Sebagian petani di
Kecamatan Baki dan Gatak, Sukoharjo, Jawa Tengah, telah menggunakan mesin pompa
untuk mengairi sawahnya selama beberapa hari terakhir dimana umur padi sudah
kisaran dua minggu sampai satu bulan. Ya, petani di daerah sana terpaksa
menggunakan mesin pompa dikarenakan sudah lebih dari sepekan ini hujan tidak
turun meskipun sdah memasuki musim penghujan sehingga pasokan air ke sawah amat
minim.
Petani yang baru
memasuki tahap tanam padi atau tandur dengn terpaksa harus memompa air dari
sumur-sumur pantek yang dibuat di pinggir pinggir saawah. Salah satu warga
disana juga mengatakan bahwa cuaca saat ini sulit untuk diperkirakan. Dimana
untuk bulan Desember diperkirakan pasokan air akan melimpah ruah karena musim
penghujan, nyatanya malah lebih dari sepekan tak kunjung turun hujan juga.
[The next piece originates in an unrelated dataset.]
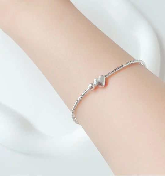 This delicate sterling silver bracelet features a vintage-inspired heart charm, perfect for adding a touch of love and elegance to your daily wear or special occasions. Ideal for gifting.

Padahal air hujan itu amat diharapkan oleh petani disana untuk keperluan
pengairan.
Sama halnya dengan apa
yang terjadi di Kecamatan Cawas dan Karangdowo, Klaten. Para petani di daerah
sana juga mengeluh minimnya pasokan air yang jauh berkurang dari sebelumnya.
Padahal di Daerah Klaten, dari total luas lahan sawah yang mencapai 33.554
hektar, hanya sekitar 19.000 hektar yang terakses jaringan irigasi teknis. seluas
6.000 hektar saawah terakses irigasi setengah teknis dan selebihnya irigasi
nonteknis. Dari irigasi yang ada itu, sekitar 40 persen saluran irigasi
tersier.
Tak ada bedanya dengan
petani yang ada di Kabupaten Magelang dan Temanggung. Kesulitan mendapatkan
air, membuat para petani berlomba untuk mencari dan berebut air dari mata air
bersama dengan para petani lainnya mengingat minimnya pasokan air dari irigasi.
Apalagi mengandalkan hujan yang tak tentu.
Jika kondisinya seperti
ini terus tanpa solusi, bukan tidak mungkin tanaman padi yang tak tercukupi air
akan mati dan para petani akan mengalami gagal panen.